Your assignment: Leave every picture out, and give again exactly the lines from the one containing "Guwahati (54 km)" through the end of the listing.

Provided material:
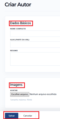 Uma nova aba será aberta com a opção Criar Autor. Nela, você encontrará os seguintes campos:
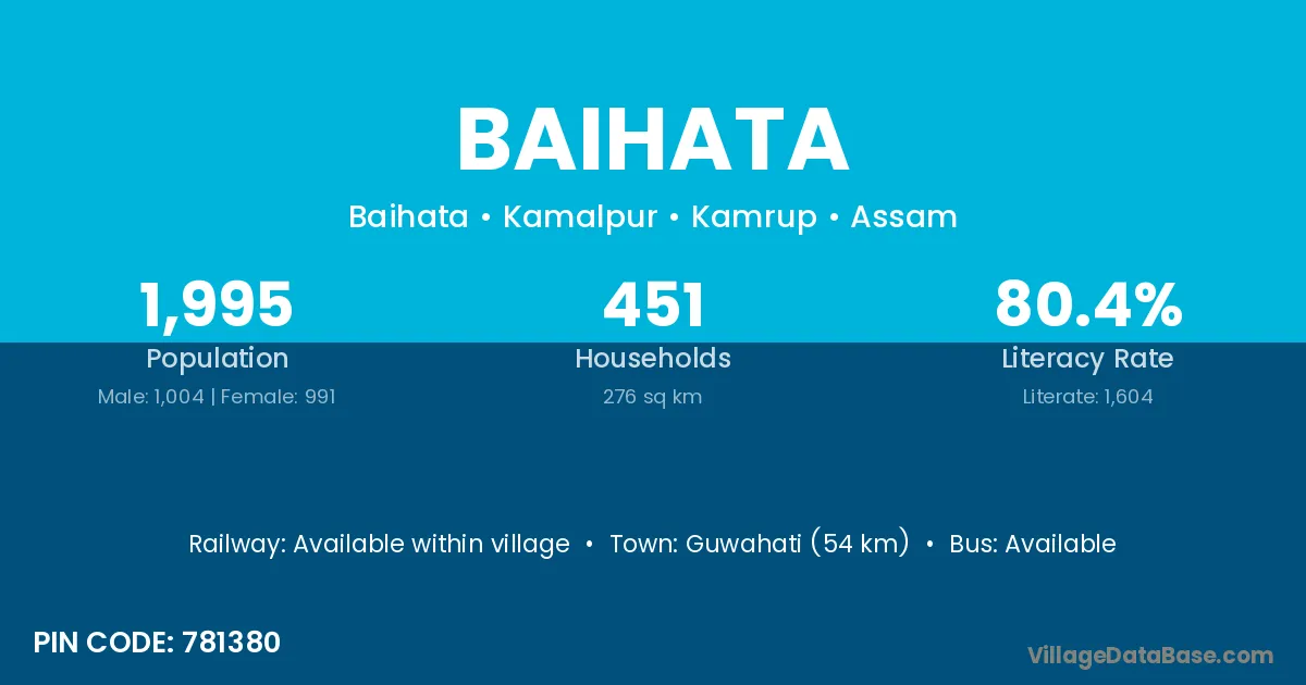 Guwahati (54 km) is the nearest town to Baihata village for major economic activities and is located approximately 54 km away.
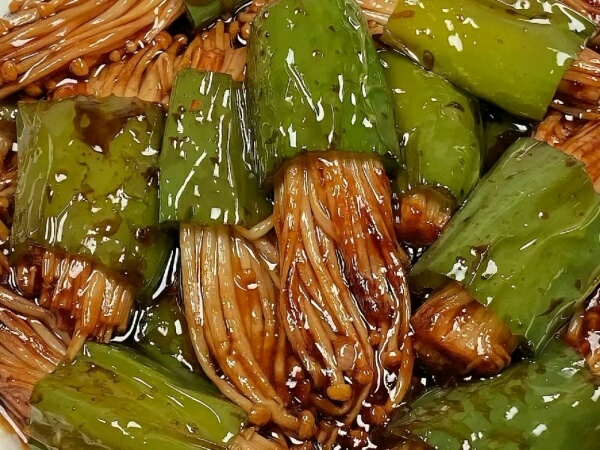 准备食材:青椒,金针菇,蒜末,酱汁。
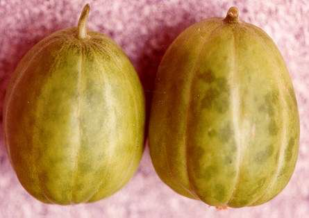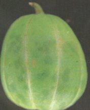 ◦ 과피의 표면에는 짙은 녹색으로 약간 둥근 괴저 반점이 생기는 것이 많고 과육 내에 담황색 수침 상태 및 황색 섬유의 줄기가 나타남

Task answer:
 Guwahati (54 km) is the nearest town to Baihata village for major economic activities and is located approximately 54 km away.
 准备食材:青椒,金针菇,蒜末,酱汁。
 ◦ 과피의 표면에는 짙은 녹색으로 약간 둥근 괴저 반점이 생기는 것이 많고 과육 내에 담황색 수침 상태 및 황색 섬유의 줄기가 나타남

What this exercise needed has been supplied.